◆ PROBLEM DETAILS: The material below has pictures in it. Set down only the lines from the line containing "Aluna Bootcut Jeans" through the line containing "Neste dia 25", word for word, and leave the pictures behind.

◆ DATA RECORDS:

▬▬▬▬▬▬

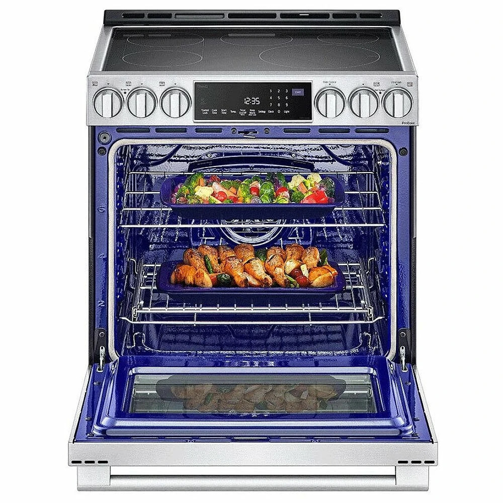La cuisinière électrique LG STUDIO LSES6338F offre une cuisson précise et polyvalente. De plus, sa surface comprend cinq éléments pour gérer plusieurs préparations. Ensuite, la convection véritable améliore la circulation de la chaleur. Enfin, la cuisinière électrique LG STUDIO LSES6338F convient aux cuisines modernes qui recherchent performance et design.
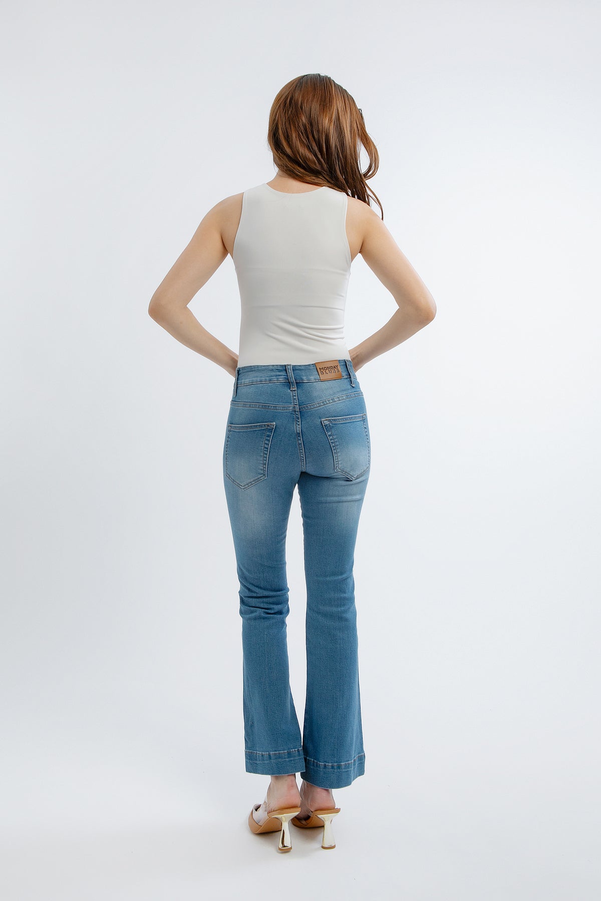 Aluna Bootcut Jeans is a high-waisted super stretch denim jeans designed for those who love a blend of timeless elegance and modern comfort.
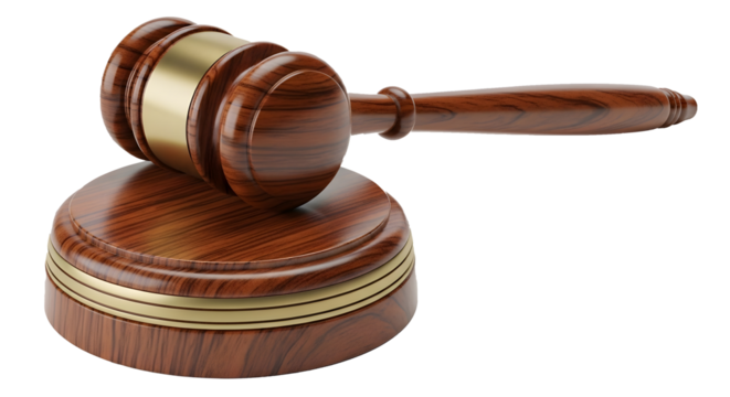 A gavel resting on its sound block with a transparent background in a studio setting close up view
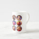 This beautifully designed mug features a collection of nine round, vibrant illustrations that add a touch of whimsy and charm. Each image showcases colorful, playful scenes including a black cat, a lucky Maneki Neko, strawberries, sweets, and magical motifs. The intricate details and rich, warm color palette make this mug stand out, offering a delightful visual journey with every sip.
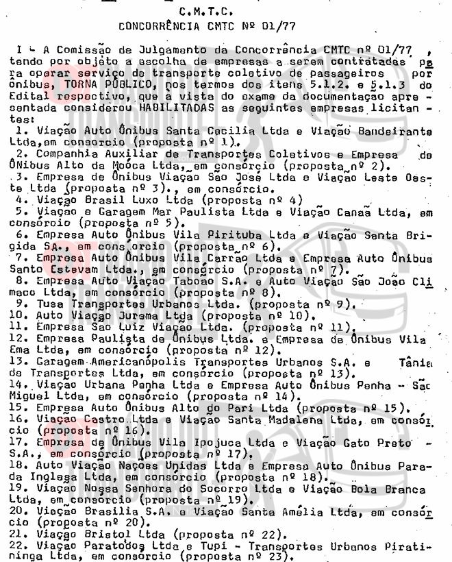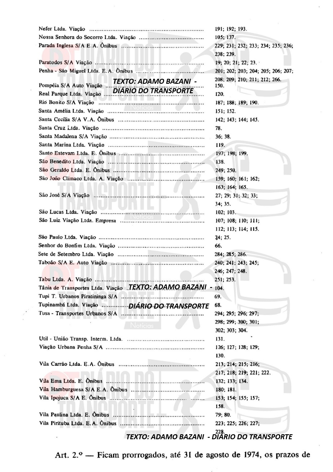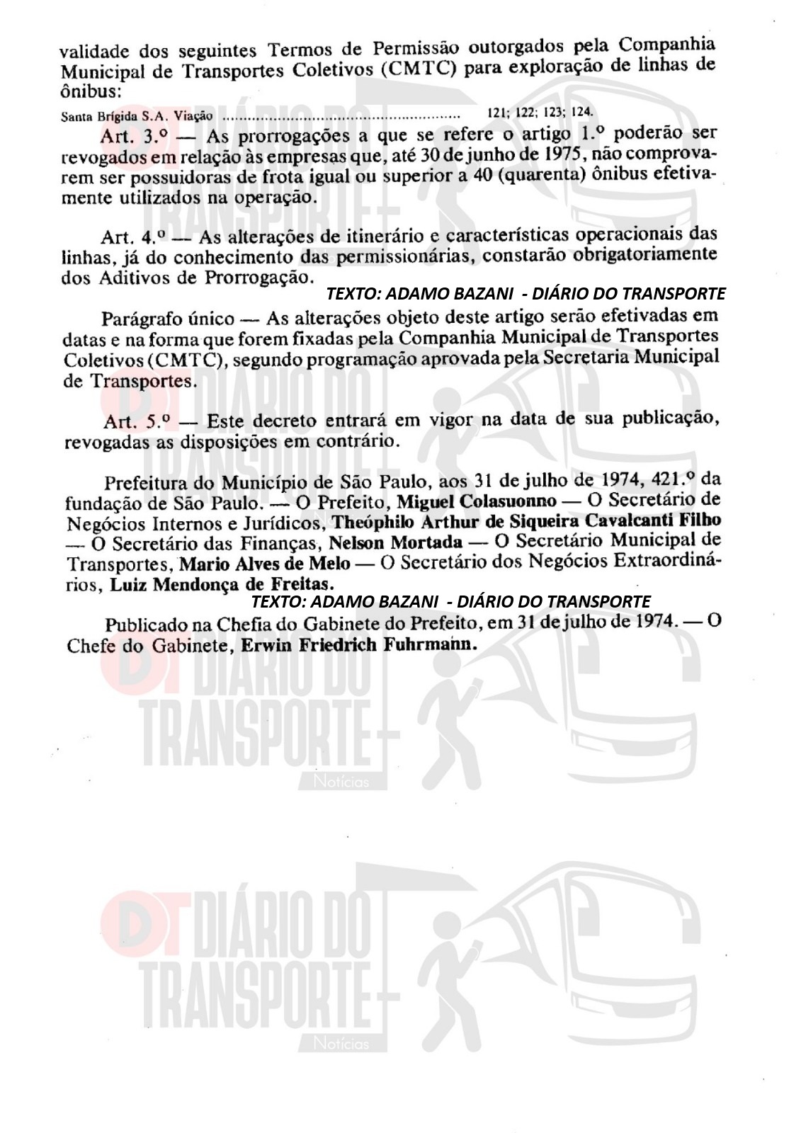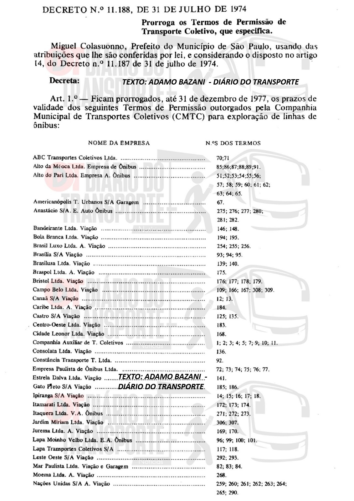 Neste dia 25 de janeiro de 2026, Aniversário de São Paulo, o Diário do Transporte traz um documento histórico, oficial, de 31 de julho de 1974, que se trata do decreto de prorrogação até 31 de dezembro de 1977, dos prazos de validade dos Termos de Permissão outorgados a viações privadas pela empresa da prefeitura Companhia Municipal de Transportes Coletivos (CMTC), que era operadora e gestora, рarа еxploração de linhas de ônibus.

▬▬▬▬▬▬

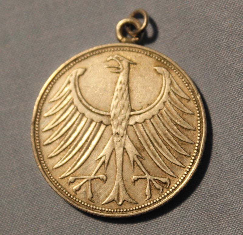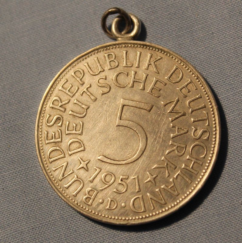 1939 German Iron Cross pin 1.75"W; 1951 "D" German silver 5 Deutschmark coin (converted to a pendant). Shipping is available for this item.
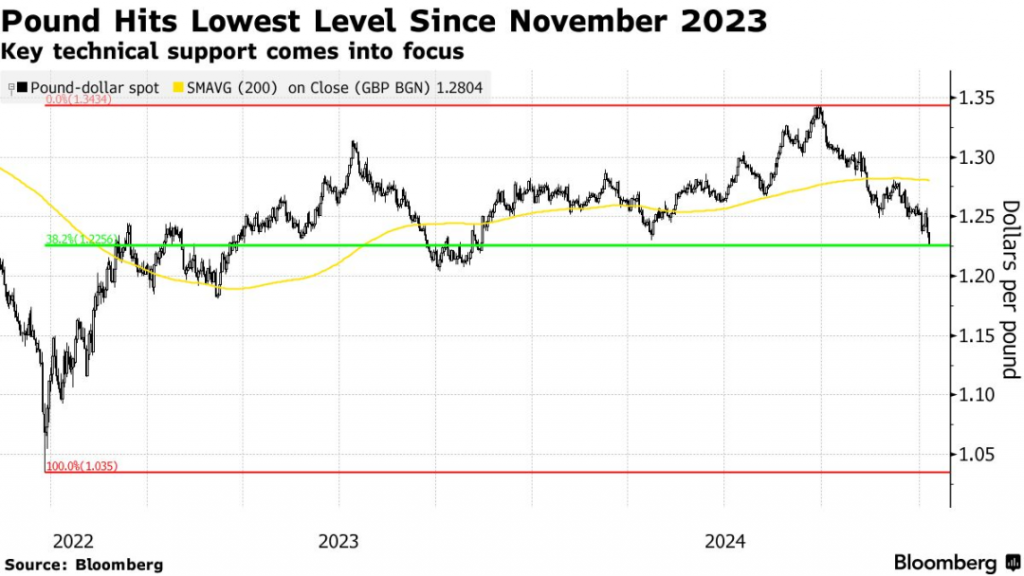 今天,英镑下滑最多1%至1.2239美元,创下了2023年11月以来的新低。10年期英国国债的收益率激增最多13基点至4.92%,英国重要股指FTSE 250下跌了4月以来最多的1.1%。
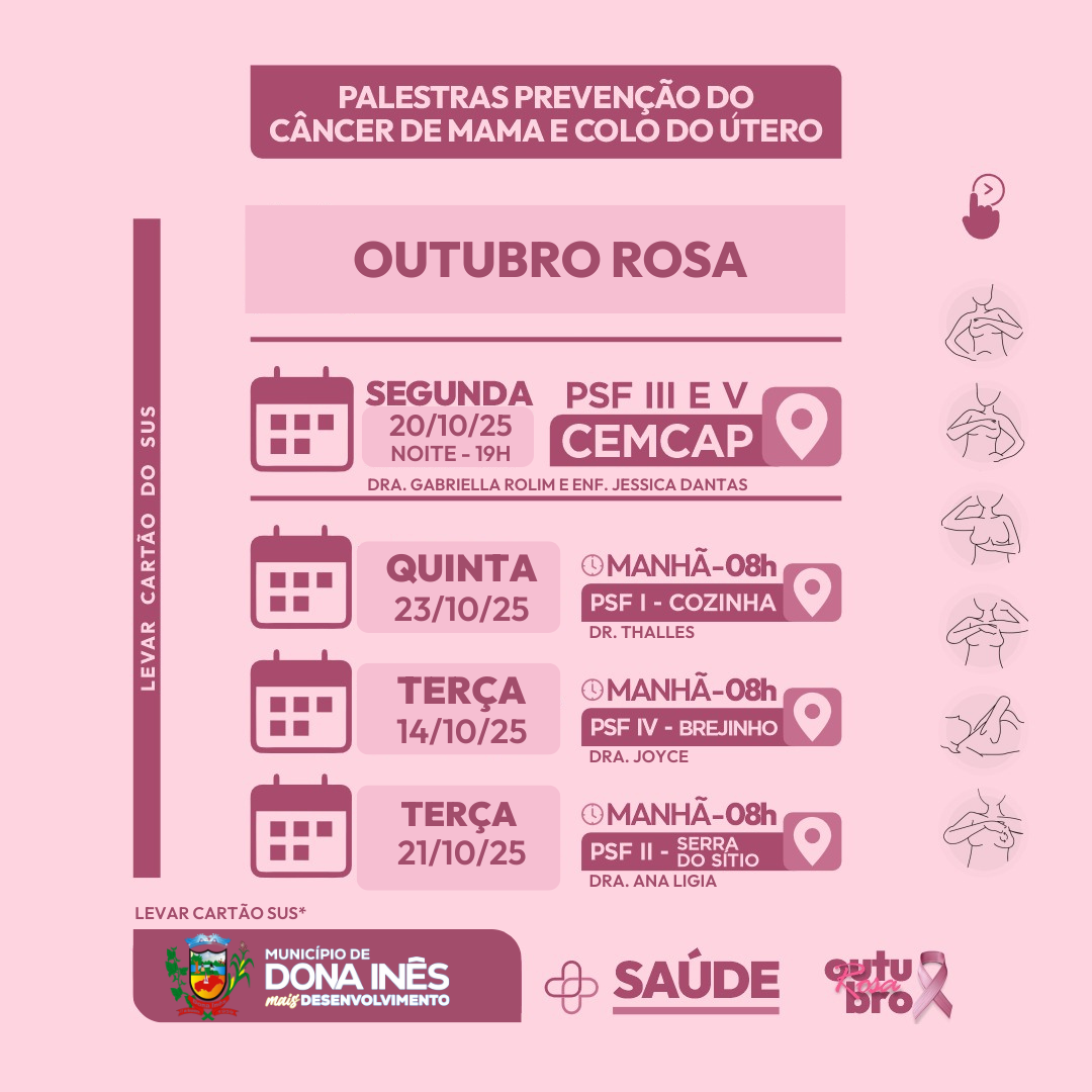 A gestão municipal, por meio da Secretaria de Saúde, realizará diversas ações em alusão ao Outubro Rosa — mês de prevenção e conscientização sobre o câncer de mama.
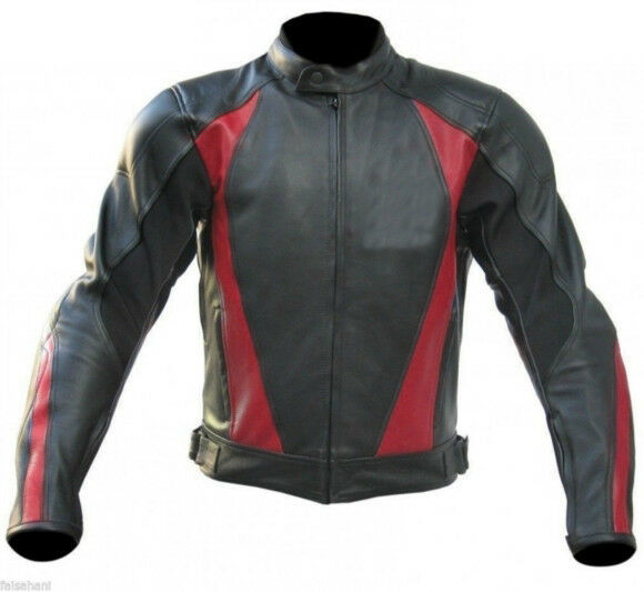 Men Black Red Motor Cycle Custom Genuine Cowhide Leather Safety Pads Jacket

▬▬▬▬▬▬

◆ EXERCISE SOLUTION:
 Aluna Bootcut Jeans is a high-waisted super stretch denim jeans designed for those who love a blend of timeless elegance and modern comfort.
 A gavel resting on its sound block with a transparent background in a studio setting close up view
 This beautifully designed mug features a collection of nine round, vibrant illustrations that add a touch of whimsy and charm. Each image showcases colorful, playful scenes including a black cat, a lucky Maneki Neko, strawberries, sweets, and magical motifs. The intricate details and rich, warm color palette make this mug stand out, offering a delightful visual journey with every sip.
 Neste dia 25 de janeiro de 2026, Aniversário de São Paulo, o Diário do Transporte traz um documento histórico, oficial, de 31 de julho de 1974, que se trata do decreto de prorrogação até 31 de dezembro de 1977, dos prazos de validade dos Termos de Permissão outorgados a viações privadas pela empresa da prefeitura Companhia Municipal de Transportes Coletivos (CMTC), que era operadora e gestora, рarа еxploração de linhas de ônibus.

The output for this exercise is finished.